Rissa in auto al tramonto


Torino, zona Aurora.

Oggi è un pomeriggio soleggiato. Non sembra nemmeno gennaio. Sono in giro con mia mamma, per un po’ di (micro)shopping... Eppure, tanti sono i problemi che mi strascico, i pensieri a come farò per non mancano mai.

Ci avviamo verso casa, accompagnate da un tramonto urbano che dipinge il cielo d’arancio. All’incrocio di corso Vigevano con piazza Baldissera, mentre attraversiamo la strada, un’auto dallandatura incerta inchioda e accosta. Perché la ragazza alla guida sta azzuffandosi con la persona accanto a lei. È sua madre.

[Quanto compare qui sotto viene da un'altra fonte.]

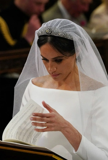 Обычно невесты из аристократических семей идут к алтарю в фамильных тиарах своих семей, как это было с леди Дианой, выходившей замуж в тиаре Спенсеров. Однако в случае с Меган этот сценарий не подходил, и СМИ долго гадали, в каком украшении предстанет невеста. В 2018 году, когда влюбленные поженились, инсайдер сообщил популярной британской газете The Sun следуюшие подробности: «Меган всем сердцем прониклась к тиару с изумрудами, и принц Гарри был очень удручен, когда услышал, что она не сможет ее надеть». Впрочем, причиной отказа был не пустой каприз: поскольку происхождение тиары не было стопроцентно подтверждено, у специалистов были предположения о том, что она может быть связана с Россией, и Королева сочла, что лучше украшению не появляться на свадьбе. Вместо него была выбрана алмазная тиара-бандо королевы Марии Текской от Garrard, датированная 1932 годом.

È rissa dentro l’auto, cieche botte fra madre e figlia, sotto il tramonto urbano. La tentazione di attraversare e andar oltre c’è, perché immischiarsi potrebbe essere pericoloso. Eppure, intorno non sembra esserci nessuno in grado di placarle; e non smettono di darsele quelle due, Santo Cielo. Devo sì immischiarmi! Mi avvicino all’auto e busso energicamente contro il finestrino. Sono pronta a chiamare il 112, ma a quanto pare il mio marginale intervento fornisce sufficiente acqua a spegnere le loro anime bollenti. La madre della ragazza decide di scendere dall’auto con le chiavi. Osservo attentamente la scena, udendo insulti impensabili fra una qualunque madre e una qualunque figlia.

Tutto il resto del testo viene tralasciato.